Ormstad Heidi, Verkerk Robert, Amthor Karl-Friedrich, Sandvik Leiv
Faculty of Health Sciences, Buskerud and Vestfold University College, 3004, Drammen, Norway,
J Mol Neurosci. 2014;54(2):181-7. doi: 10.1007/s12031-014-0272-0. Epub 2014 Mar 25.
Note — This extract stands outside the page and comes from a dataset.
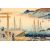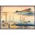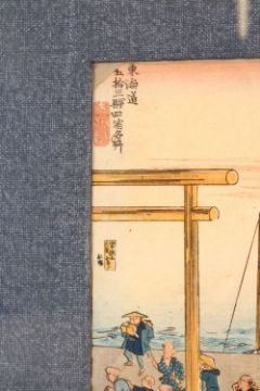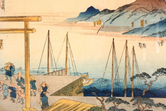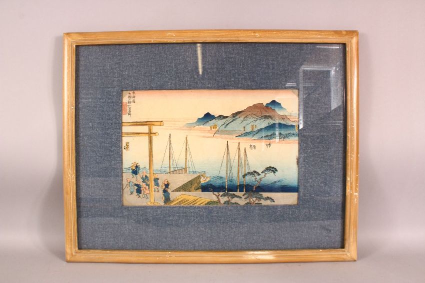 A JAPANESE MEIJI WOODBLOCK PRINT OF A WATERSIDE LANDSCAPE- depicting figures, ships and mountains - artist signed and sealed - framed - 58cm x 47cm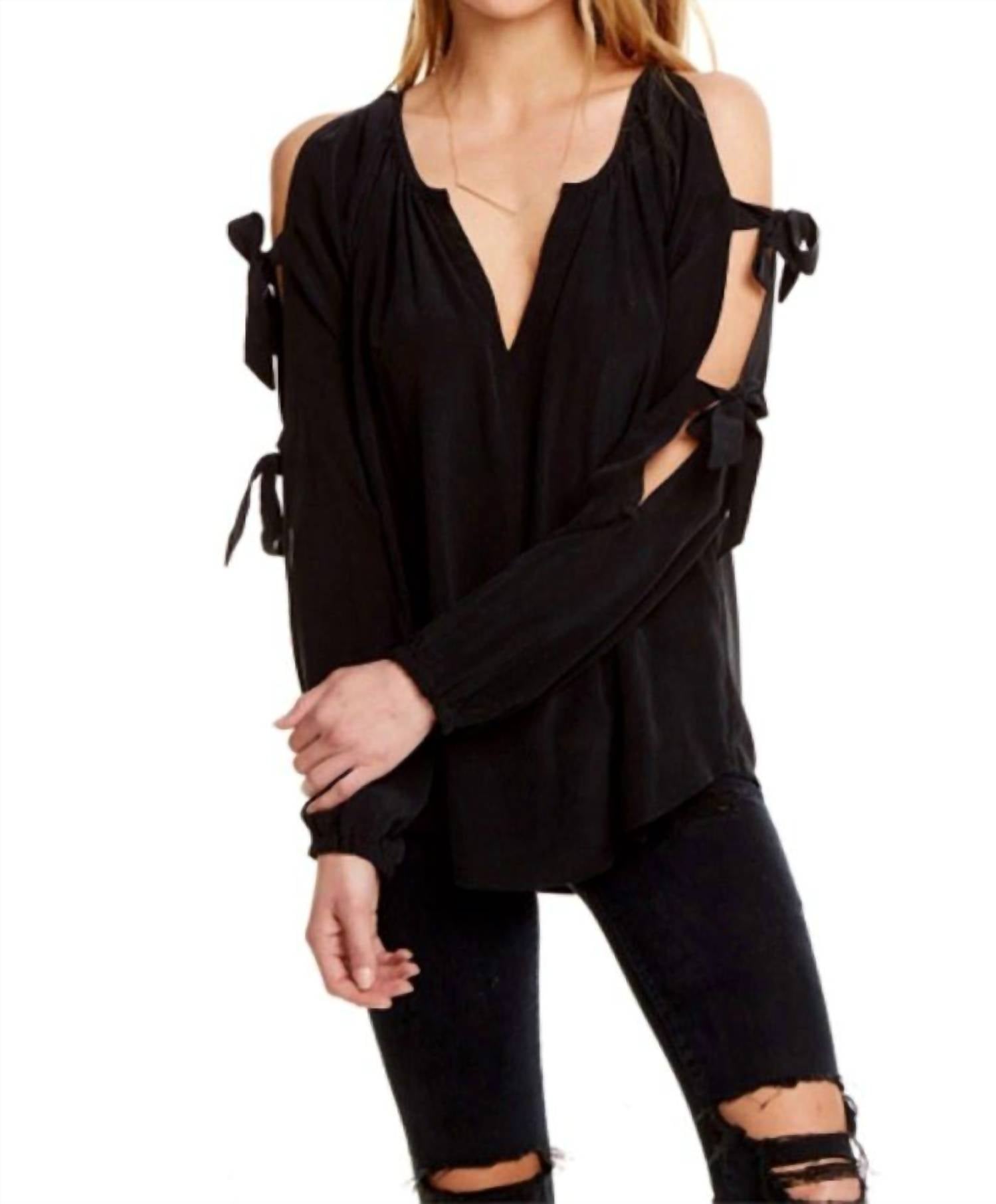 A long sleeve top you can wear with denim, skirts, well... just about anything! Elevate your wardrobe with the Silk Slit Blouson Sleeve Top by Chaser, a sophisticated piece designed for both day and night. This long sleeve top is crafted from 100% woven silk, offering a luxurious feel and stylish look in a sleek black monochrome. It features a feminine V-neckline, slit and tie blouson sleeves, and a convenient pull-on closure. An ideal choice for spring vacations, it is imported and recommended for hand wash care.

Many stroke survivors suffer from poststroke fatigue (PSF) and poststroke depression (PSD), indicating the importance of increasing the base of knowledge about the mechanisms underlying these sequelae. The primary aim of this study was to determine whether activation of the kynurenine (KYN) pathway predicts subsequent fatigue or depression in acute ischemic stroke (AIS) patients. Acute serum levels of 5-hydroxytryptamine (5-HT), tryptophan (TRP) catabolites (TRYCATs), and competing amino acids, as well as subsequent fatigue and depression, were measured in 45 stroke patients. TRP index [=100 × TRP / (tyrosine + valine + phenylalanine + leucine + isoleucine)] was significantly lower in patients with a Fatigue Severity Scale (FSS) score of ≥4 at 12 months than in those with an FSS score of <4 (p = 0.039). Furthermore, the serum level of kynurenic acid in the acute stroke phase was significantly higher in patients with an FSS of score ≥4 at 18 months than in those with an FSS score of <4 (p = 0.026). These findings indicate that stroke patients with PSF have a lower bioavailability of TRP for 5-HT synthesis in the brain in the acute stroke phase. However, they also appear to have greater neuroprotective potential in that phase. In contrast to PSF, no predictors of PSD were found. These findings together with those of previous studies suggest that the immune response and indoleamine 2,3-dioxygenase activation that follows AIS can predict PSF but not PSD.
许多中风幸存者患有中风后疲劳(PSF)和中风后抑郁(PSD),这表明增加对这些后遗症潜在机制的知识储备非常重要。本研究的主要目的是确定犬尿氨酸(KYN)途径的激活是否能预测急性缺血性中风(AIS)患者随后出现的疲劳或抑郁。对45名中风患者的急性血清中5-羟色胺(5-HT)、色氨酸(TRP)分解代谢产物(TRYCATs)、竞争性氨基酸水平以及随后出现的疲劳和抑郁情况进行了测量。疲劳严重程度量表(FSS)评分在12个月时≥4的患者,其TRP指数[=100×TRP / (酪氨酸 + 缬氨酸 + 苯丙氨酸 + 亮氨酸 + 异亮氨酸)]显著低于FSS评分<4的患者(p = 0.039)。此外,FSS评分在18个月时≥4的患者,其急性中风期犬尿酸的血清水平显著高于FSS评分<4的患者(p = 0.026)。这些发现表明,患有PSF的中风患者在急性中风期大脑中用于5-HT合成的TRP生物利用度较低。然而,在该阶段他们似乎也具有更大的神经保护潜力。与PSF不同,未发现PSD的预测因素。这些发现与先前研究的结果共同表明,AIS后发生的免疫反应和吲哚胺2,3-双加氧酶激活可预测PSF,但不能预测PSD。